The latest edition of the bimonthly electronic newsletter In Depth is a special issue given over to relations between Greece, Turkey and Cyprus and devotes a lot of space to Turkey’s hegemonic aspirations, maritime demands and recent provocations with religious overtones, such as the reclassification of the Church of St Sophia. It features an article by Professor Andreas Theophanous and Senior Fellow Andreas Karyos (University of Nicosia), which draws a number of parallels with previous Greco-Turkish crises in 1976 and 1987. In both cases, Turkey used “gunboat diplomacy”, whilst seeking international mediation with a view to negotiations based, at least partly, on Turkish preconditions. The authors argue that the same reading can be applied to the current crisis: “Turkey once again resorts to ‘gunboat diplomacy’ to counter an anticipated event from becoming a fait accompli: the continuation of the Republic of Cyprus’s undersea exploration programme without the participation of Turkey in the decision-making process (through the Turkish-Cypriots). At the same time, Ankara makes use of ‘gunboat diplomacy’ to undermine the strengthening of the tripartite partnerships in the eastern Mediterranean (Greece-Cyprus-Israel, Greece-Cyprus-Egypt) and force them to recognise a dominant role to Turkey”. The article continues: “the implications for Greece and Cyprus are clear.

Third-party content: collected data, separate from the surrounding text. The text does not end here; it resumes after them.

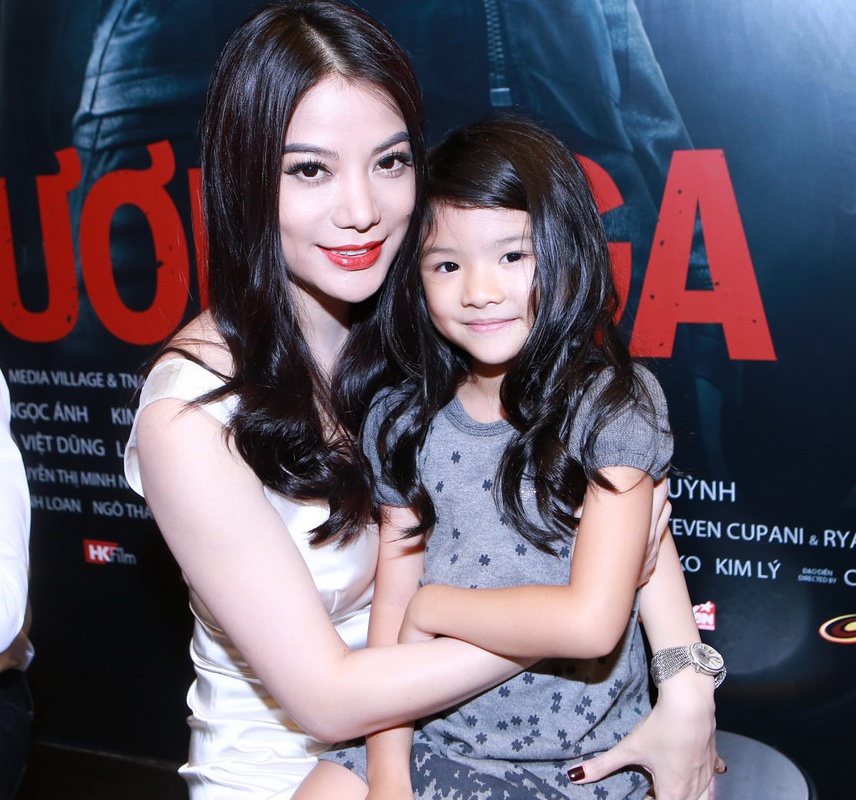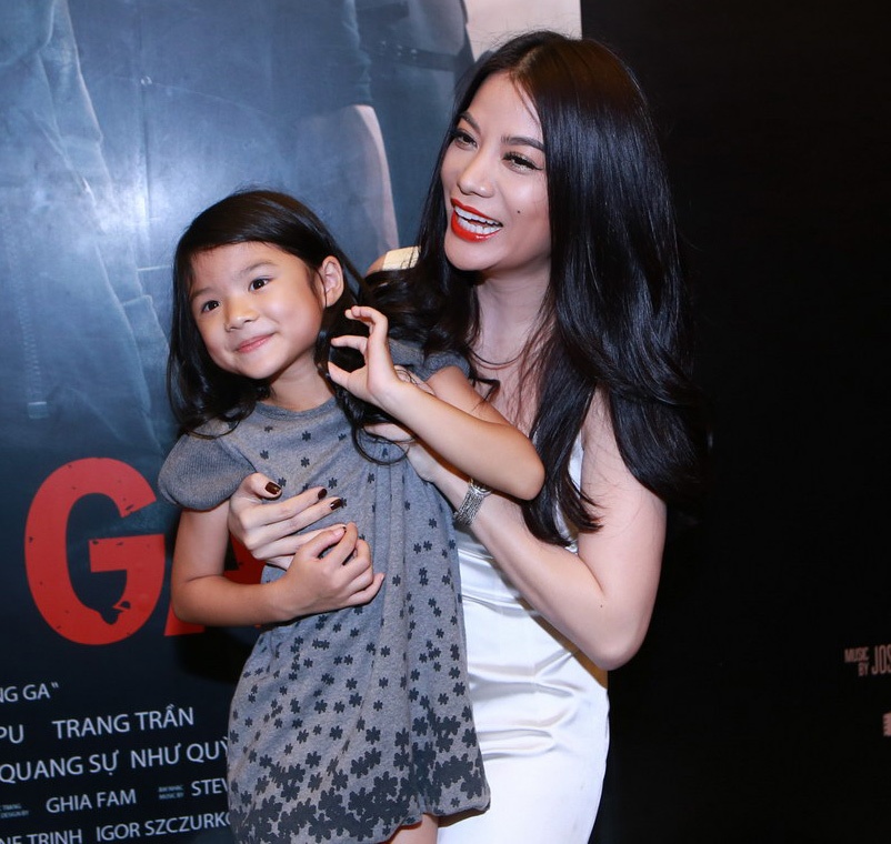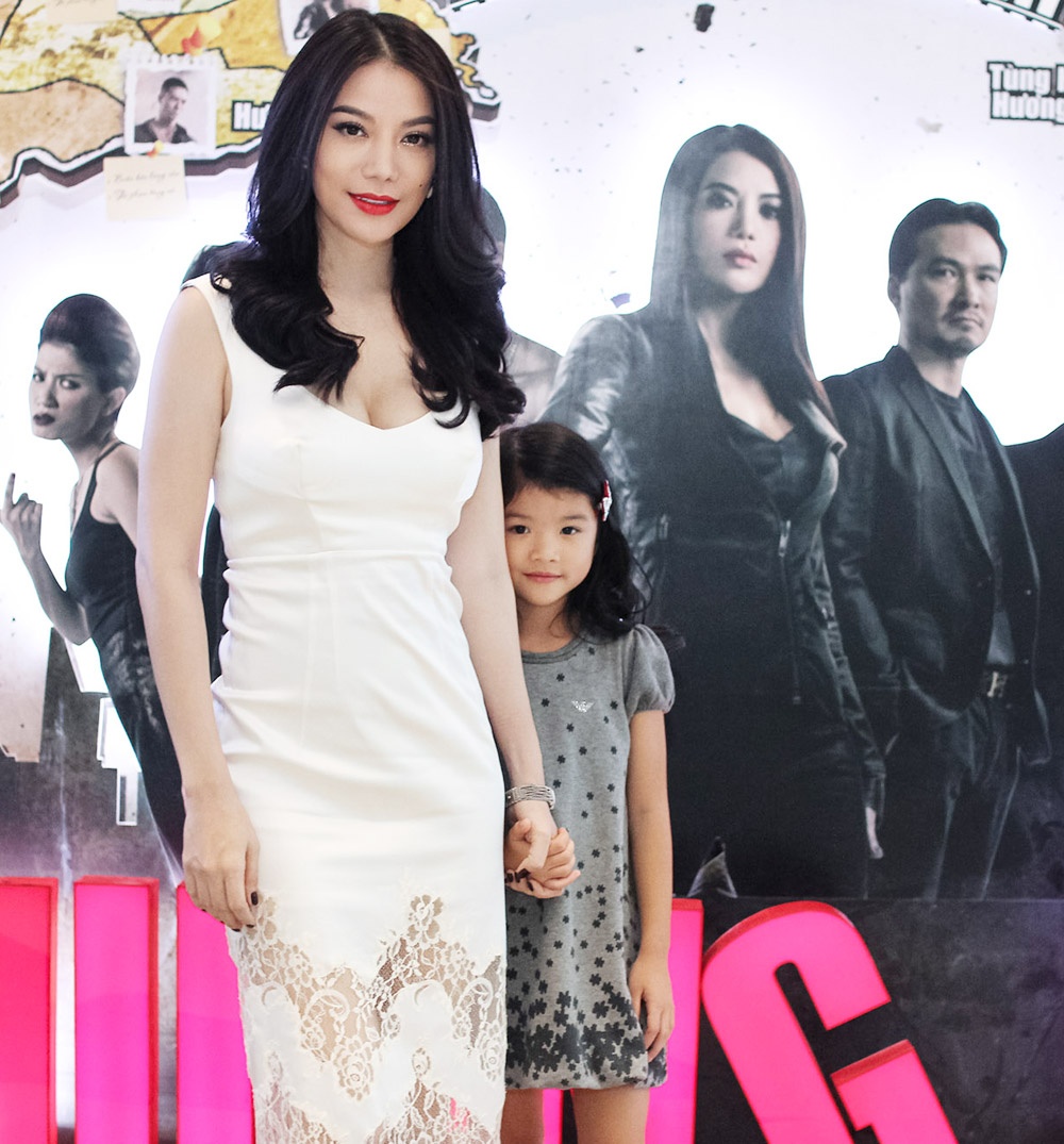 Nữ diễn viên diện đầm trắng trẻ trung không kém phần gợi cảm bên dàn chân dài. Cô cũng đưa con gái Bảo Tiên đến sự kiện. Mới 6 tuổi nhưng cô bé trông rất cao ráo.
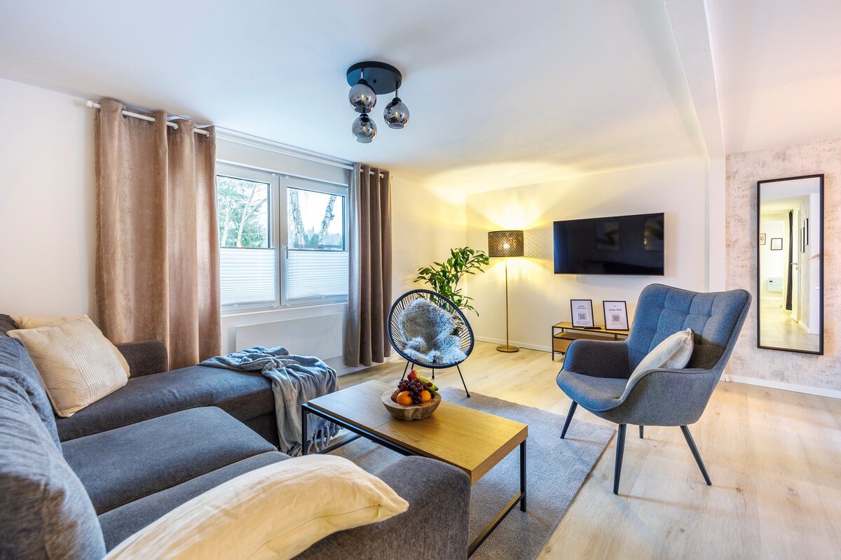 Nag - aalok kami ng bungalow na may kumpletong kagamitan na may maliit na terrace na binubuo ng 2 kuwarto, kusina, pasilyo at 2 sanitary room. Bukod pa sa central heating, nilagyan din ito ng underfloor heating, kaya komportableng mainit - init din ito sa taglamig. Matatagpuan sa silangang labas ng lungsod, sa tahimik at berdeng lokasyon na may mga plano. Paradahan. May iba 't ibang ekskursiyon sa malapit. Magandang koneksyon sa pampublikong transportasyon sa sentro ng Berlin at sa paligid ng Berlin. Check - in 2:00 PM Pag - check out: 10:00
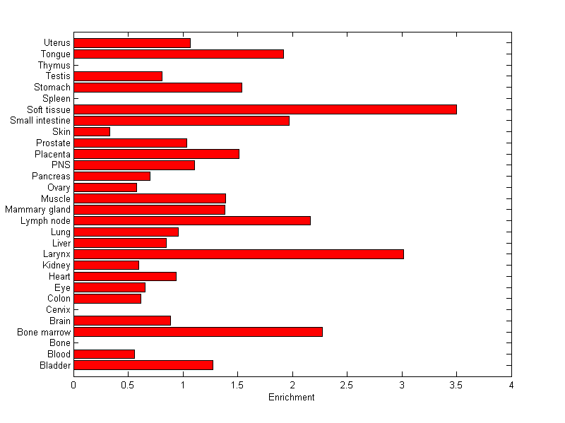 The expression level is normalized with tissue-library size. Each value for a gene in a tissue is a ratio of observed ESTs to the expected one in this tissue. The expected number of ESTs is the product of total ESTs of the gene and the fraction of total ESTs in the tissue among all ESTs in 30 tissues.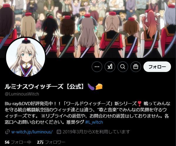 個人的には今の公式アカウントを角川が動かすよりも、今ルミナスウィッチーズをプロデュースしている水野大輔さんやその周りのスタッフさんに譲渡した方がいいんじゃないかなと思うんですけどね。ウィッチーズの情報はワールドウィッチーズの公式アカウントで呟けばいいワケですし。そうしたら「作品」と「ユニット」でアカウントを分かりやすく分けることができますよね。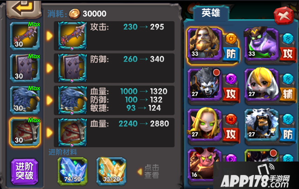装备每10级为一个阶段,全部装备每升满10级后,装备系统会提示大家该装备需要进阶才可以提高装备等级上限。进入装备进阶界面,使用进阶材料对装备进行进阶。我们在平时的战斗中,都可以收集到装备升级以及进阶的相关材料,如果材料发生短缺,不要担心,带上你的宝宝以及你的小伙伴们,一起去攻打武器库获取材料吧!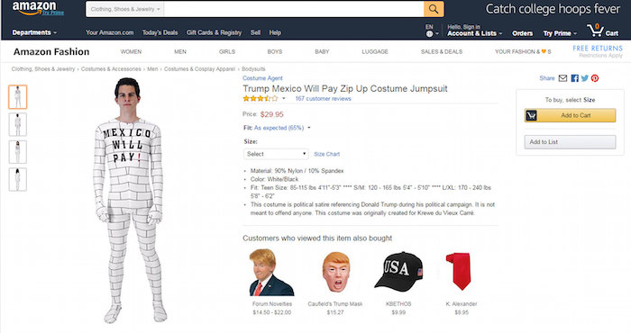 "El disfraz anunciado en el sitio de internet de Amazon promueve esta xenofobia despreciable que no es otra cosa que una versión moderna de la túnica del (grupo racista) Ku Klux Klan", agrega en su mensaje.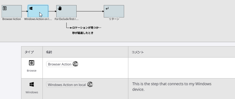 | 名前 | ステップまたはステップのグループの名前。 ロボットを呼び出すステップの場合は、呼び出されるロボットの名前も含まれます。 |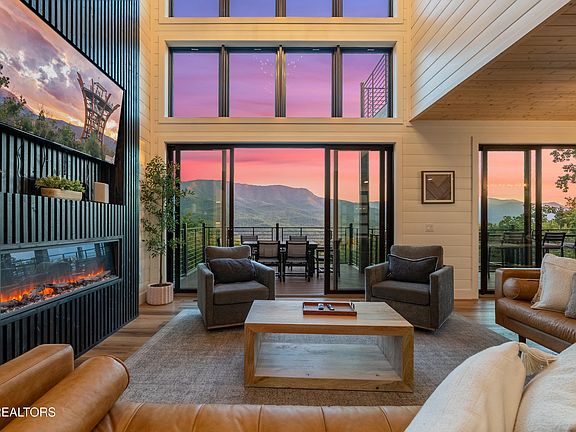 Experience true mountain luxury in this stunning 3-bedroom contemporary cabin featuring breathtaking views, high-end furnishings, and exceptional rental potential. Every detail has been designed for comfort and style-from the elegant living spaces with natural lighting to a gourmet kitchen and spa inspired bathrooms. Step inside to a grand open-concept living area with soaring ceilings, a beautiful fireplace and wall of glass that showcase the sweeping mountain scenery. The perfect blend of comfort and sophistication and truly gorgeous inside and out. Enjoy three spacious bedrooms, each with a private ensuite bath, plus two additional half baths for convenience. Down stairs you will find a cozy family room and game room perfect for movie night or just spending quality time. The pool area is a showstopper and ready for you and your guest to enjoy year round. Tons of outdoor space to enjoy the breathtaking views from each level. Unwind and spend a nice romantic evening sitting in the hot tub or relaxing by the outdoor fireplace. Soak in the mountain sunsets from the spacious decks and enjoy the peace and privacy of your own luxury retreat. The subdivision offers an amazing pay to place Golf Course, three outdoor swimming pools and a new pickle ball court. This is the one you need to see in person to appreciate just how stellar it is!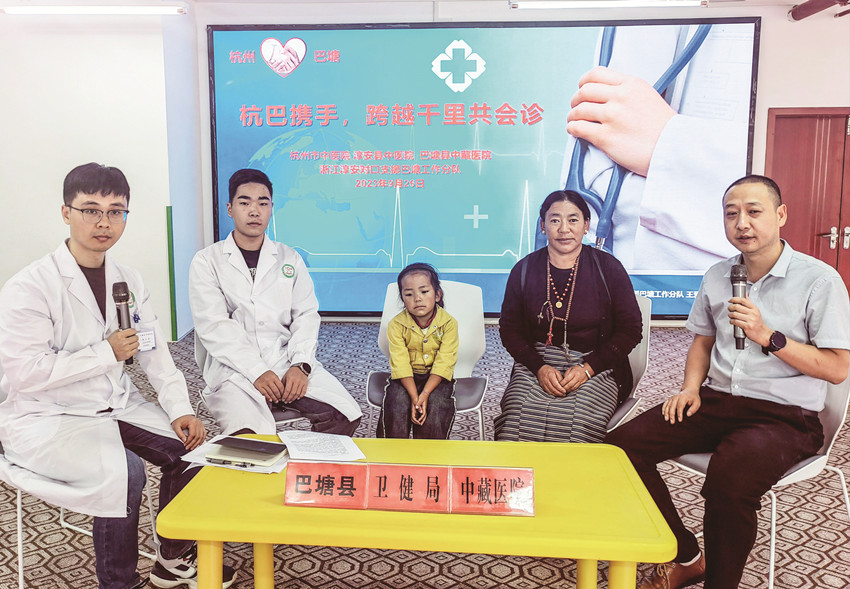 治療初期,朵朵的癥狀無明顯改善。詹宇豪向淳安對口支援巴塘工作分隊匯報了朵朵的情況。工作分隊高度重視,第一時間邀請杭州市中醫(yī)院、淳安縣中醫(yī)院的專家團(tuán)隊進(jìn)行遠(yuǎn)程會診。杭州市中醫(yī)院、淳安縣中醫(yī)院迅速響應(yīng),召集包括神經(jīng)內(nèi)科、神經(jīng)外科、針灸科、康復(fù)科、兒科、中醫(yī)內(nèi)科等多個學(xué)科的專家組建“MDT”(多學(xué)科聯(lián)合會診)團(tuán)隊,為朵朵后續(xù)治療制定了更科學(xué)、更適宜的方案。結(jié)合遠(yuǎn)程會診的意見,詹宇豪采用了電針針刺+面部推拿+手指點(diǎn)穴的方法,引入熱敏灸新技術(shù)為朵朵進(jìn)一步治療,并悉心指導(dǎo)朵朵進(jìn)行面部功能鍛煉。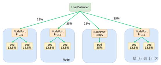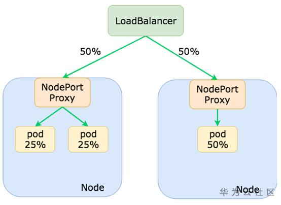 不过流量还是会不太均衡,如上图,Loadbalancer看到的是2个后端(把节点的IP),每个Node上面几个Pod对Loadbalancer来说是不知道的。

These two countries will be successful in achieving an honourable compromise with Turkey if they manage to counterbalance Ankara’s supremacy in the region. If not, Turkey will continue to use military power to impose its will on Athens and Nicosia”.

Constantinos Filis (Panteion University) considers that Turkey is clearly trying, through its constant threats, its constant presence in the region in the form of overflights, violations of airspace, air and naval exercises and, recently, vessels monitoring seismic activity and drilling platforms, to force Greece to come to the negotiating table and to push the Greek Cypriots to accept Ankara’s conditions. The author also flags up violations of international law and a discourse that is aggressive towards the West, the EU and the United States, “with the sole exception of President Trump, whom Erdogan considers as a friend”. This aggression towards the West does not stop him aspiring to “a new rapprochement between the EU and Turkey (…), with specific commitments and terms that include good neighbourly relations with Greece and Cyprus”. Carrots, rather than the stick, will be needed to bring Turkey on board: updating customs union and the joint declaration of March 2016 on migration, increasing financial aid. But the stick may have to be used after all, not “to punish Turkey and its people, but rather to set a framework of rules and pave the way for concrete dialogue based on the provisions of the international law”, Filis adds, noting that “Erdogan gains confidence every time he sees either the EU or the US show their surprising level of tolerance for Turkey’s moves (in Syria, for example)”.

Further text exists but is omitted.